Bicara soal kemuliaan ibu, kita pasti ingat bahwa 22 Desember dinobatkan sebagai Hari Ibu. Hari Ibu adalah hari peringatan atau perayaan terhadap peran seorang ibu dalam keluarganya; baik untuk suami, anak-anak, maupun lingkungan sosialnya. Peringatan dan perayaan biasanya dilakukan dengan membebastugaskankan ibu dari tugas domestik yang sehari-hari dianggap sebagai kewajibannya; seperti memasak, merawat anak, dan urusan rumah tangga lainnya. Bagaimana wacana Wakil Presiden Yusuf Kala pengurangan jam kerja wanita?

Di seluruh penjuru dunia, peringatan serupa dikenal dengan nama Mother’s Day. Menurut Wikipedia, Peringatan Mother’s Day di sebagian negara Eropa dan Timur Tengah, mendapat pengaruh dari kebiasaan memuja Dewi Rhea (istri Dewa Kronus) dan ibu para dewa dalam sejarah Yunani kuno. Maka di negara-negara tersebut, peringatan Mother’s Day jatuh pada bulan Maret.

Di Amerika Serikat dan lebih dari 75 negara lain (seperti Australia, Kanada, Jerman, Italia, Jepang, Belanda, Malaysia, Singapura, Taiwan, dan Hongkong), peringatan Mother’s Day jatuh pada hari Minggu kedua bulan Mei karena pada tanggal itu pada 1870 aktivis sosial Julia Ward Howe mencanangkan pentingnya perempuan bersatu melawan perang saudara. Maka, Hari Ibu bisa jadi kedudukannya sama dengan Hari Valentine, April Mop, Tahun Baru Masehi, Hari Bumi, dan hari-hari lainnya yang bermuara pada kepercayaan pagan Yunani.

Dapat dibayangkan bila umat Islam memperingati Hari Ibu berorientasi pada kepercayaan pagan Yunani. Niscaya, kita sudah melakukan perbuatan yang merusak akidah Islam. Untunglah, peringatan Hari Ibu yang diyakini umat Islam di Indonesia tidak demikian adanya. Konon, bila kita tengok sejarah Hari Ibu di Tanah Air, masih menurut Wikipedia, diawali dari bertemunya para pejuang wanita dengan mengadakan Kongres Perempuan Indonesia I pada 22-25 Desember 1928 di Yogyakarta. Peristiwa ini dianggap sebagai salah satu tonggak penting sejarah perjuangan kaum perempuan Indonesia. Pemimpin organisasi perempuan dari berbagai wilayah se-Nusantara berkumpul menyatukan pikiran dan semangat untuk berjuang menuju kemerdekaan dan perbaikan nasib kaum perempuan.
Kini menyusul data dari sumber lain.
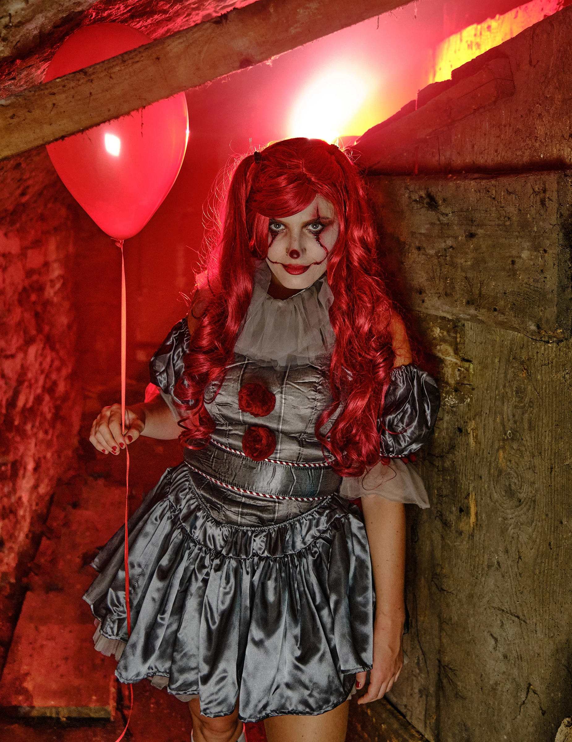 De grijze jurk is bovenaan nauwsluitend met twee rode pluchen kwastjes die in de buste zijn genaaid. De onderkant van deze jurk is gemaakt van een lichtgrijze pof tule waarop een satijnen rok is gesuperponeerd eveneens met franje. De manchetten maken dit angstaanjagende clownkostuum compleet en zijn versierd met tule.

Berbagai isu yang saat itu dipikirkan untuk digarap adalah persatuan perempuan Nusantara, pelibatan perempuan dalam perjuangan melawan kemerdekaan, pelibatan perempuan dalam berbagai aspek pembangunan bangsa, perdagangan anak-anak dan kaum perempuan, perbaikan gizi dan kesehatan bagi ibu dan balita, pernikahan usia dini bagi perempuan, dan sebagainya. Tanpa diwarnai gembar-gembor kesetaraan gender, para pejuang perempuan itu melakukan pemikiran kritis dan aneka upaya yang amat penting bagi kemajuan bangsa.
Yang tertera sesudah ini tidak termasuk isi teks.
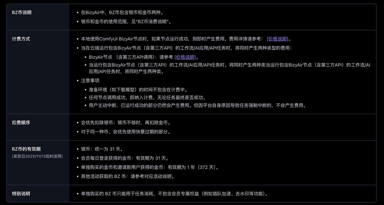 - BizyAir节点 (含第三方API调用):请参考 [价格说明]。

Bila benar peringatan Hari Ibu di Tanah Air berkiblat pada nilai-nilai kemaslahatan bagi kaum perempuan serupa itu, maka tidak ada salahnya bangsa yang mayoritas muslim ini menyambut baik peringatan Hari Ibu yang jatuh pada 22 Desember. Bukannya menampik perayaan Hari Ibu selama ini, tapi pernahkan tebersit dalam benak kita bagaimana cara membangun watak sayang ibu.

Berbagai penelitian menunjukkan peranan ibu sangat besar pengaruhnya terhadap kelangsungan hidup bayi dan anaknya. Pertama karena hubungan biologis antara ibu dan bayi selama masa hamil dan menyusui. Kesehatan dan status gizi ibu serta pola reproduktifnya secara langsung memengaruhi kesehatan dan kelangsungan hidup anak. Kedua, karena tanggung jawab pribadinya untuk merawat dirinya sendiri selama masa hamil dan mengasuh anaknya melalui tahap yang paling rawan dalam hidupnya.

Dari beberbagai penelitian jelas menunjukkan bagaimana peranan seorang ibu dapat menjadikan anak dan keluarga menjadi sejahtera. Kalau ita perhatikansikap dari ibu terhdap anak merupakan sikap budi luhur, oleh sesas itu sanggup mengurangi keperluan diri pribadi guna mencukupi kebutuhan anak.

Jadi, peringatan Hari Ibu sebaiknya tidak dijadikan simbolisme semata. Semangat memuliakan ibu perlu berlandaskan pada keimanan kepada Tuhan Yang Maha Esa. Sehingga, segala bentuk peringatan akan membekas di hati para anak dan dirasakan para ibu. Dan, yang jauh lebih utama, peringatan Hari Ibu harus menjadi sarana evaluasi untuk menambah kualitas kita dalam membahagiakan ibu dalam keseharianya.